At Blibli, an Indonesian business-to-consumer Ecommerce provider, we run most of our IT infrastructure— including both stateful and stateless applications such as Redis, RabbitMQ, Spring Boot, Jenkins, and Grafana—on Google Kubernetes Engine (GKE).
GKE provides a scalable and reliable managed service of Kubernetes. It integrates well with other Google Cloud services. And on GKE, we’re now saving more than 30% of infrastructure costs. But like many companies with a lot on their plate and multiple tasks underway, we were once too busy to focus on operations like cluster and node pool updates. Consequently, we fell way behind the current version in GKE.

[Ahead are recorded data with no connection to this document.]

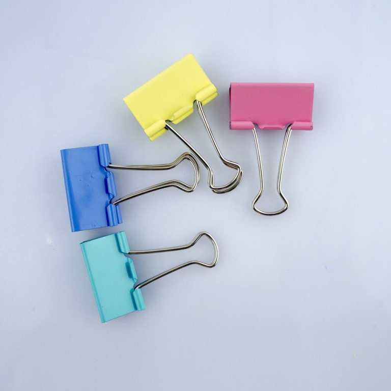- A pack of colourful metal foldback bulldog clips for home, school and office.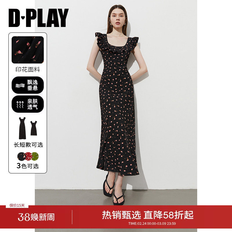 DPLAY新款黑色印花裙修身法式连衣裙沙滩海边裙子长裙女2026年夏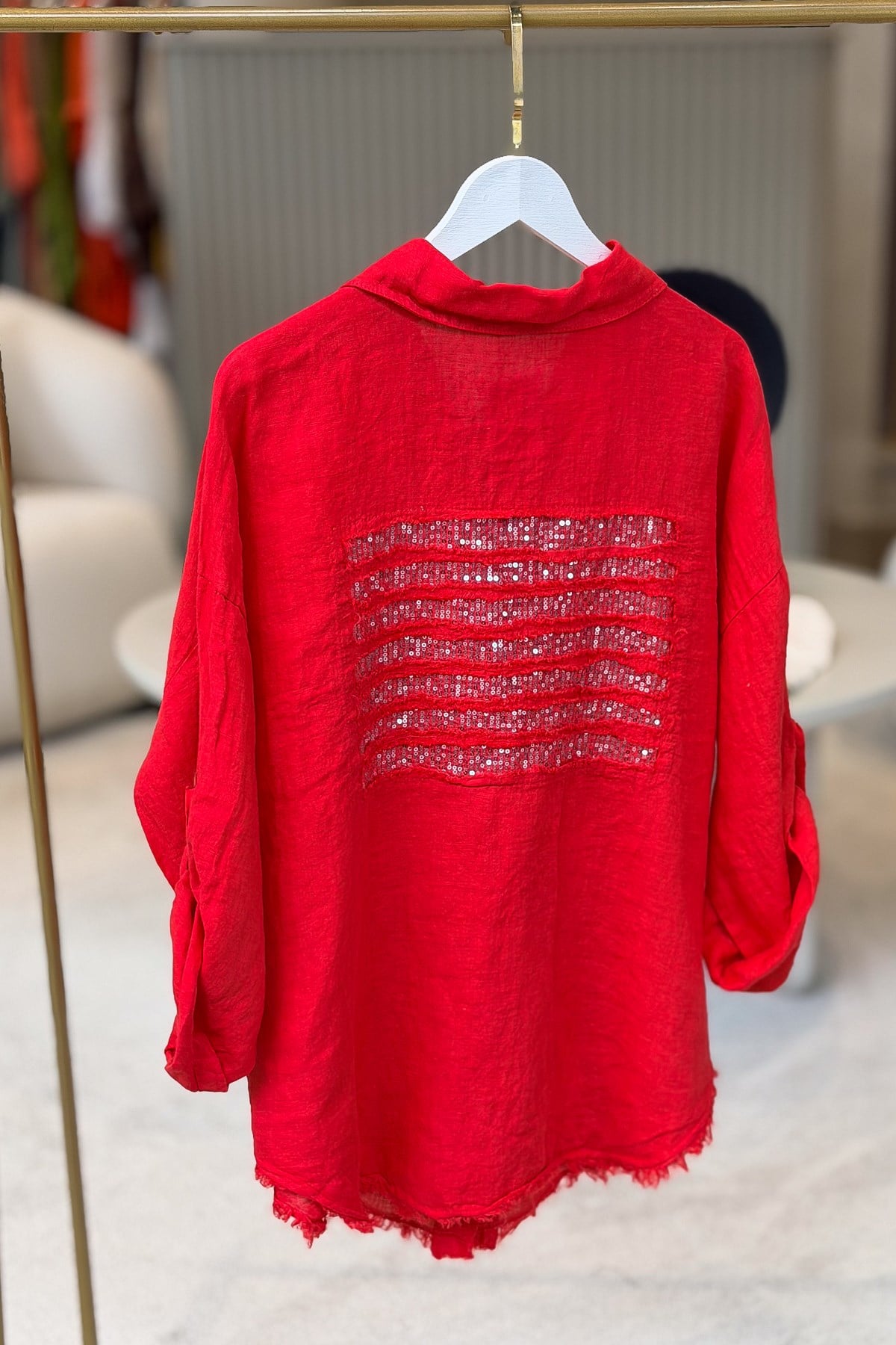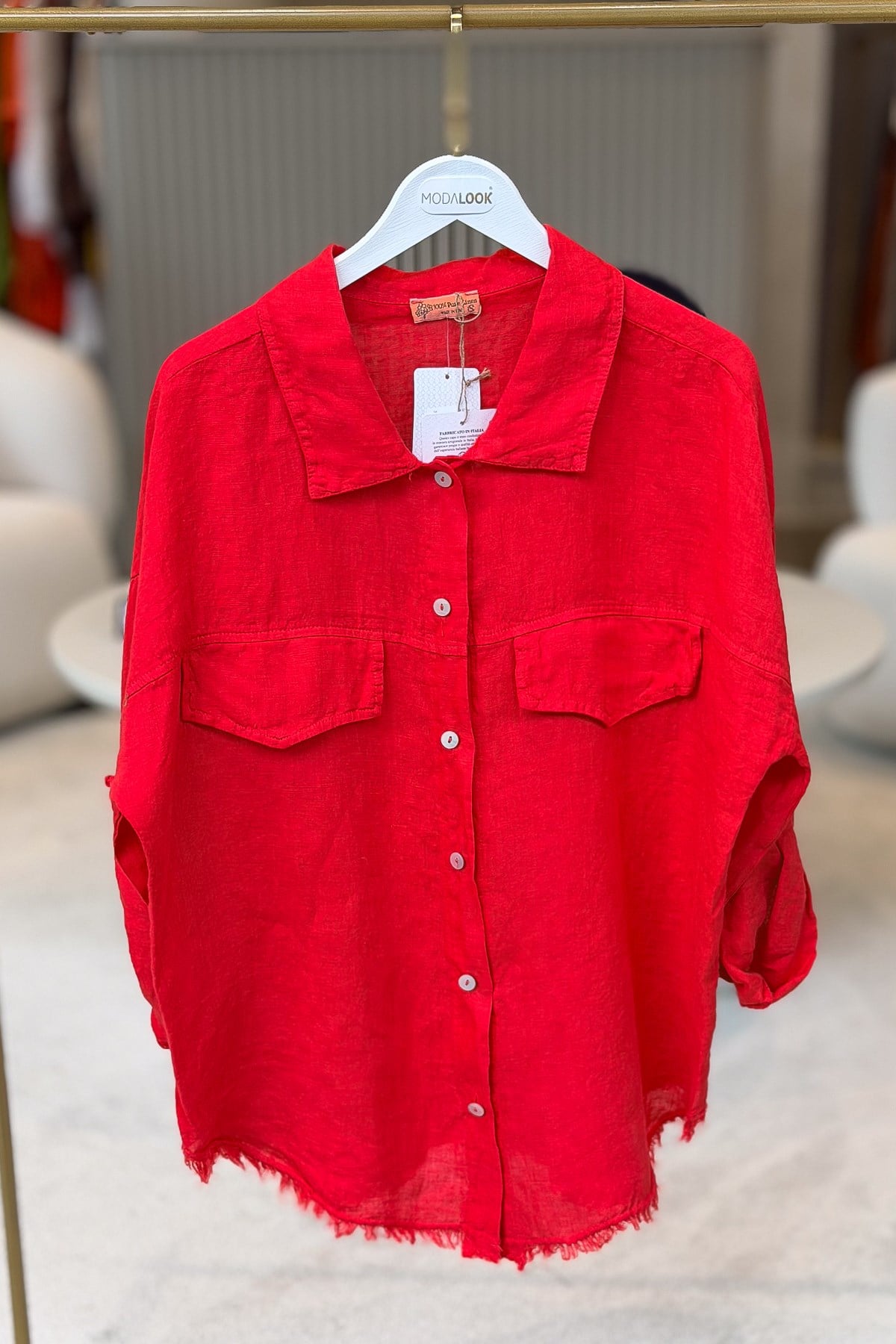 Sırtı Şerit Pullu Çift Cep Görünümlü Keten Gömlek Kırmızı Renk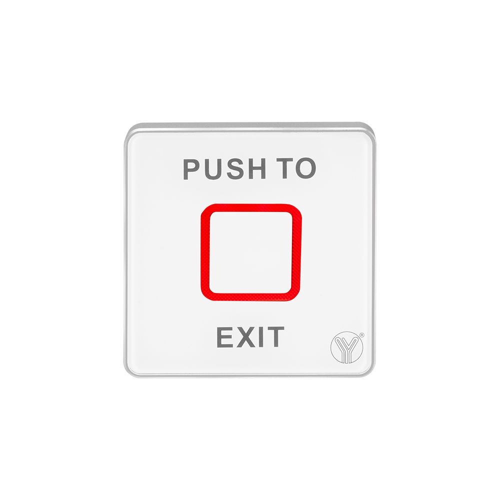 Кнопка виходу сенсорна контактна, накладна, NO/NC/COM, корпус покритий загартованим склом, діодна індикація стану кнопки виходу, DC12-24V, струм споживання: 60mA, очікування - червоний, спрацювання - зелений, 86 х 86 х 12 мм.

To comply with both service-provider and open-source software policies, you must stay on top of version updates. And since Google Cloud releases its Kubernetes clusters in three-month cycles, this can be a challenge when running workloads in GKE. But recently, we updated our GKE cluster from version 1.13.x to 1.15.x and tested the same update across different clusters and environments—without service interruptions.
You can read the release notes and changelogs of the version you plan to upgrade to, so I won’t belabor every detail of our update process. But read on to learn how we keep our GKE clusters up to date with newly released versions and how you can too.
Updating a GKE cluster without downtime
We manage our GKE cluster and everything related to it using Terraform and GitOps, which help to simplify the update process.
With a regional cluster, you can avoid downtime because GKE maintains replicas of the control plane across all the zones. So your cluster is resilient to single-zone failure. Double check the resource availability for this activity.
Updating a cluster is a two-step process: First, control plane then node pools, which require a handful of critical network considerations.
The control plane in Kubernetes includes the Kubernetes API server, the scheduler, and the controller manager server. The control-plane upgrade is quite simple since GKE manages it for you with a simple click (in our case, changing the variable in Terraform). This update takes several minutes during which you won’t be able to change the cluster’s configuration. But your workloads will function perfectly.
By default, a cluster’s nodes have auto-update enabled, and Google Cloud recommends that you keep it that way. If you’ve opted for auto-update then GKE does the magic for you. You can just sit back and relax.
Unlike your control-plane update, the process has a lot of visibility. It is also highly dependent on the total number of nodes in the cluster. Sequentially, for each node in the node pool, nodes are stopped from scheduling node Pods, existing Pods are drained, and finally, the node is updated.
Like us, if you need to carefully manage dependencies and qualifications, you may elect to manage your own upgrade workflow. Surge upgrades let you control the number of nodes GKE can update at a time and control how disruptive updates are to your workloads. There are also several options when you decide to update the worker nodes. One obvious way is to manually trigger the update, which parallels the auto-update process except you decide when it occurs.
gcloud container clusters upgrade cluster-name –node-pool=node-pool-name –cluster-version cluster-version
Fun fact: You can manually update a node pool version to match the version of the control plane or a previous version that is still available and compatible with the control plane. The Kubernetes version and version skew support policy guarantees that control planes are compatible with nodes up to two minor versions older than the control plane. For example, Kubernetes 1.13.x control planes are compatible with Kubernetes 1.11.x nodes.
Although GKE can update large clusters quickly, we thought that when running over 100 nodes and not using surge upgrades in GKE, it might take forever to drain all the nodes and upgrade. So our strategy here was to depend on the continuous deployment of our application and also to avoid downtime.
Here comes the interesting implementation part you were looking for. Rather than updating the current nodes of a node pool, we created a new node pool with the updated version—but with a twist. The new node pool had different taints relative to the node pool with the old version. Can you guess the next step? It’s simple: We deployed our applications matching the taints of the node pool with the new version. Again, you can too.
But (there’s always a “but”) to prevent downtime, you need to ensure that your update strategy is a rolling one. And you must confirm a couple other things before deploying the applications.
Since the node pool you just created has a different taint, the first thing you need to ensure once the nodes in the new node pool are spawned is that the DaemonSets are deployed and running perfectly.
Pod Disruption Budget (PDB)
PDB is a mechanism by which you allow for a number/percentage of pods to be terminated. Since the number of replica and PDB go hand in hand, we set the PDB for our workloads to maxUnavailable: 1. This gives the confidence that at any point in the application deployment at least one Pod is running.